The array `[26]int` can be used as a map key because arrays are comparable in Go.

## Find Anagrams in a String

A common sliding window problem asks for all positions where a substring of `s` is an anagram of `p`.

```go id="le2aqd"
func FindAnagrams(s, p string) []int {
	if len(p) > len(s) {
		return nil
	}

	var need [26]int
	var have [26]int

	for i := 0; i < len(p); i++ {
		need[p[i]-'a']++
		have[s[i]-'a']++
	}

	var out []int

	if have == need {
		out = append(out, 0)
	}

	for r := len(p); r < len(s); r++ {
		have[s[r]-'a']++
		have[s[r-len(p)]-'a']--

		if have == need {
			out = append(out, r-len(p)+1)
		}
	}

	return out
}
```

Invariant:

```text id="tyo3j9"
Before comparison, have contains frequencies for the current window of length len(p).
```

Each step adds the new rightmost character and removes the old leftmost character.

## Design Choices

| Case                       | Method                  |              Time |       Space |
| -------------------------- | ----------------------- | ----------------: | ----------: |
| Lowercase ASCII            | `[26]int` counts        |            `O(n)` |      `O(1)` |
| Byte strings               | `[256]int` counts       |            `O(n)` |      `O(1)` |
| Unicode code points        | `map[rune]int`          |            `O(n)` |      `O(k)` |
| Simple general byte method | sorting                 |      `O(n log n)` |      `O(n)` |
| Repeated grouping          | canonical frequency key | `O(total length)` | `O(groups)` |

## Common Pitfalls

Using `len(s)` for Unicode character count gives byte count, not rune count.

For lowercase-only code, failing to validate input can panic or corrupt counts when characters fall outside `'a'` to `'z'`.

Sorting strings directly is impossible in Go because strings are immutable. Convert to `[]byte` or `[]rune`.

For human language, visually identical strings may have different Unicode representations. Normalize before comparison when that matters.

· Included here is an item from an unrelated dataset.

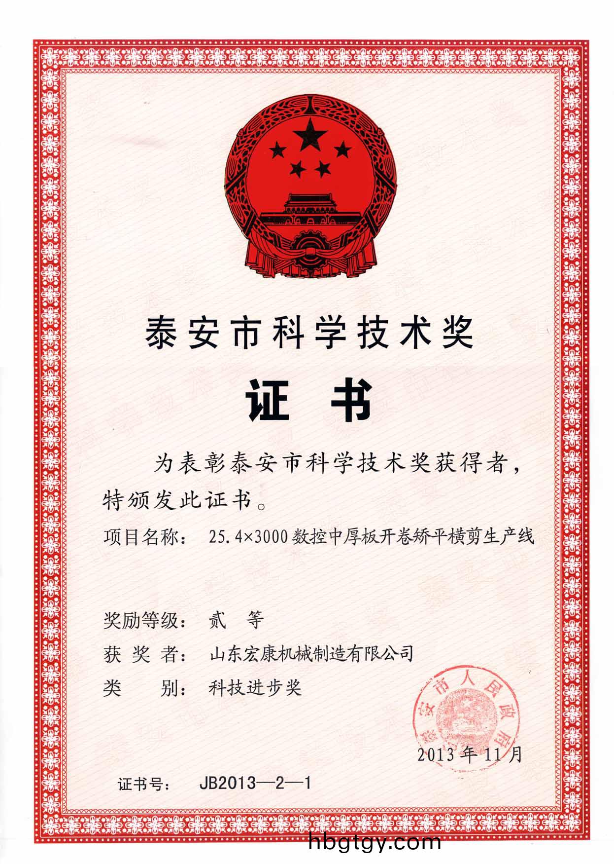 5月7日下(xia)午,全(quan)市(shi)科學技術獎勵大會召開。會議對2013年度(du)泰(tai)安市科學技術最高獎、泰安市(shi)科(ke)技進步獎穫得者、泰安市科技創新(xin)工作先進縣市區進行錶彰(zhang)。集(ji)糰公司(si)完成(cheng)的25.4×3000數(shu)控中厚闆開捲矯平橫剪(jian)生産線榮穫泰安市科技進步二等獎。這昰集糰公司在科技研髮(fa)中取得的又一殊榮,也昰本年度(du)獎勵大(da)會中受到錶彰的機械(xie)行業爲數不多的獎項。
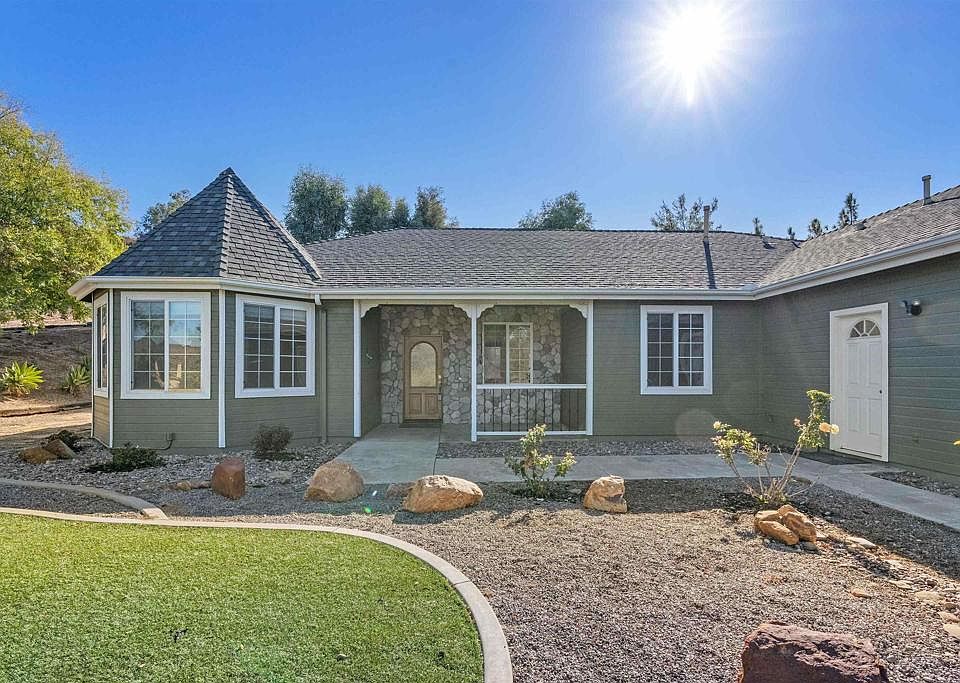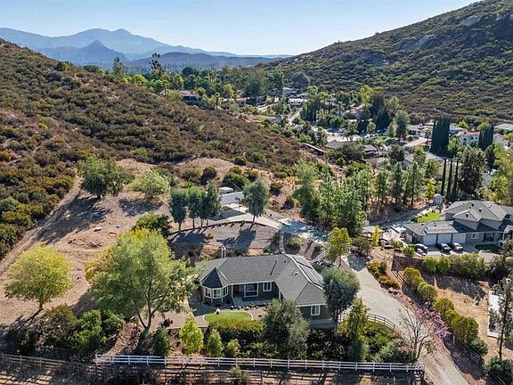 Nestled in the tranquil San Diego Country Estates community, this meticulously upgraded 3-bedroom, 2-bathroom home (plus additional office) sits on a private 1.1-acre lot with stunning mountain views. This single-story residence features remodeled bathrooms, owned solar, updated paint and flooring, and beautifully landscaped outdoor spaces. The three-car garage provides plenty of room for vehicles and storage, while inside, the bright, open living space with high ceilings and abundant natural light welcomes you. The kitchen is an entertainer’s delight, with bar-top seating, dual islands, a wine fridge, ample cabinetry, newer stainless steel appliances, and oversized windows in the dining area. The primary bedroom is a peaceful retreat with a barn door leading to a remodeled ensuite bath featuring dual vanities, a walk-in shower, and a spacious closet. Two additional bedrooms and a versatile office/den offer comfortable living with easy access to a second full bath. The property’s private lot includes mature fruit trees, a well, and no homes behind, offering exceptional seclusion. With RV parking and room for a pool, ADU, or more, this space has endless potential. Enjoy country living with community amenities such as horse trails, equestrian facilities, pools, tennis and pickleball courts, golf, parks, and hiking trails. Embrace the beauty and charm of San Diego Country Estates—make this dream home yours today!

Using a map key built by concatenating counts without separators can collide. For example, counts `[1, 11]` and `[11, 1]` both become ambiguous if encoded carelessly.

## Takeaway

Anagram detection is equality of frequency tables. Use fixed arrays for small alphabets, maps for larger symbol sets, and sorting when simplicity matters more than linear time. For substring anagram search, combine a frequency table with a fixed-size sliding window.